The draft Law Applicable to Contractual Obligations and Non-contractual Obligations (Amendment Etc.) (EU Exit) Regulations 2018

Posted in UK and EU legal framework Dispute resolution and litigation Contractual and counter-party

The UK Government has published a draft statutory instrument under the European Union (Withdrawal) Act 2018, which will incorporate the Rome I and Rome II Regulations into domestic law.

The Rome I and Rome II Regulations provide rules to determine the law applicable to contractual and non-contractual obligations respectively. Crucially, they do not rely on reciprocity, and therefore it can be expected that they will become part of domestic law even in the event of no deal. In this regard, the draft statutory instrument follows the Government’s earlier 'no deal' paper, which had stated that the Rome Regulations would be retained post-Brexit.

In accordance with section 8 of the Act, the draft statutory instrument contains various technical amendments so that the Regulations continue to be workable as they form part of domestic law.

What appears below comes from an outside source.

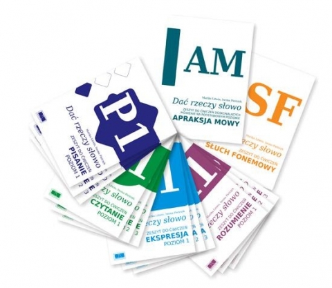 W skład pakietu wchodzi 5 serii zeszytów ćwiczeń: Dać rzeczy słowo. Rozumienie - poziom 1. Dać rzeczy słowo. Rozumienie - poziom 2. Dać rzeczy słowo. Rozumienie - poziom 3 - czytaj więcej. Dać rzeczy słowo. Pisanie - poziom 1 - czytaj więcej. Dać rzeczy słowo. Pisanie - poziom 2 - czytaj więcej. Dać rzeczy słowo. Pisanie - poziom 3 - czytaj więcej. Dać rzeczy słowo. Ekspresja - poziom 1 - czytaj więcej. Dać rzeczy słowo. Ekspresja - poziom 2 - czytaj więcej. Dać rzeczy słowo. Ekspresja - poziom 3 - czytaj więcej. Dać rzeczy słowo. Czytanie - poziom 1 - czytaj więcej. Dać rzeczy słowo. Czytanie - poziom 2 - czytaj więcej. Dać rzeczy słowo. Czytanie - poziom 3 - czytaj więcej. Dać rzeczy słowo. Słuch fonemowy - czytaj więcej. Dać rzeczy słowo. Apraksja mowy - czytaj więcej.

For example, references to ‘Member States’ are amended to read ‘relevant states’, which will generally comprise EU Member States and the UK. The draft legislation also provides for amendments to be made to the Contracts (Applicable Law) Act 1990 in order to preserve the substantive rules of the 1980 Rome Convention so that they will continue to apply to existing contracts entered into between 1 April 1991 and 16 December 2009 (when the Rome Convention was superseded by Rome I).

The retention of the Rome Regulations by the UK will ensure continuity in the English’s courts’ approach to questions of applicable law and that for the most part, the English courts will continue to apply the same rules as those being applied after exit day by national courts in the EU Member States that continue to apply the EU Regulations.

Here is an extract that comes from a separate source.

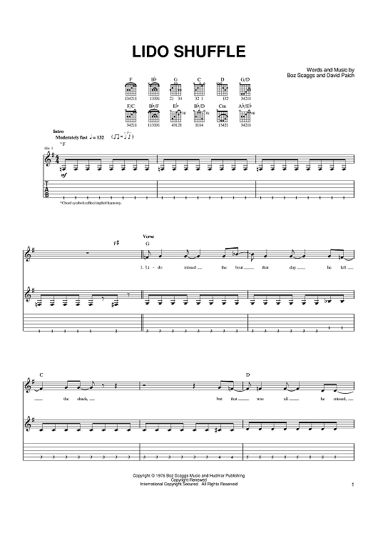 Digital Sheet Music for Lido Shuffle by David Paich, Boz Scaggs scored for Easy Guitar Tab; id:396571
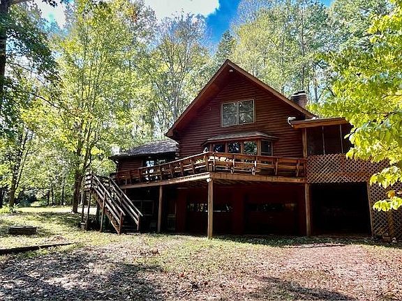 Wonderful Log Cabin Nestled on 6+ Beautiful Treed Acres's that include Water Frontage on a Spring Fed Private Lake. 3 Fireplaces, Great Rm w/Cathedral Ceilings, 2nd Floor Loft, Split Bedrm Plan including Spacious Master Bedrm, downstairs Basement Bedrm w/Full Bath & Separate Exit, Potentially makes this a 2nd Living Area or Mother In Law Suite. Basement Workshop. 2 Relaxing Front & Rear Decks as well as 2 relaxing Docks to Fish for Trophy Bass while enjoying the Views. Low Country Taxes ! No HOA ! Horses & certain Farm Animals Welcome. New 50 yr Arch Roof that according to former owner was installed 2007. Leaf Proof Guttering System. Septic pumped July 2024, all looked well according to the service company. Home Security System. Only 40 min to Charlotte Douglas International Airport. Comporium High Speed Internet up to 2 Gbps. Paved County Roads ! All information deemed correct but not guaranteed, please verify anything important, including School assignments before submitting an offer

However, the explanatory notes to the draft statutory instrument caution that in certain cases due to the way in which the provisions of the EU Regulations are drafted, it will be the case that a determination of the applicable law by a Member State court applying the EU Regulations could lead to a different outcome from that of a court in the UK applying the retained version of the EU Regulations. Examples cited include:

  • the rules that give effect to non-derogable provisions of Community law in cases where elements relevant to a situation are located in one or more Member States;
  • rules in Article 7 of Rome I on insurance contracts covering “non-large” risks located in EU Member States; and
  • the rule in Article 6(3)(b) of Rome II dealing with the law applicable to obligations arising from unfair competition affecting the market in more than one country.

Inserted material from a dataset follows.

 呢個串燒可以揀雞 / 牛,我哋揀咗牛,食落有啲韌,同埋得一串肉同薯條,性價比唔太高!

The reason for this is that Member State courts will no longer read references to ‘Member State’ as including the UK. However, the amendments that will be made by draft statutory instrument will, in effect, ensure that the rules can continue to be applied by a UK court, as if the UK were still a Member State.

Taking the insurance example, this means that the rules that restrict the freedom to choose the applicable  law in the case of “non-large” risks located in the EU, will continue to be applied by UK Courts to insurance contracts dealing with risks located in the UK (as well as the EU) but not by courts in the Member States  in relation to insurance contracts dealing with risks located in the UK.

Notwithstanding the anomalies that will be created, the principal benefit for businesses and contracting parties is that in general, an express choice of applicable law for both contractual and non-contractual obligations, will continue to be upheld on the same basis as now.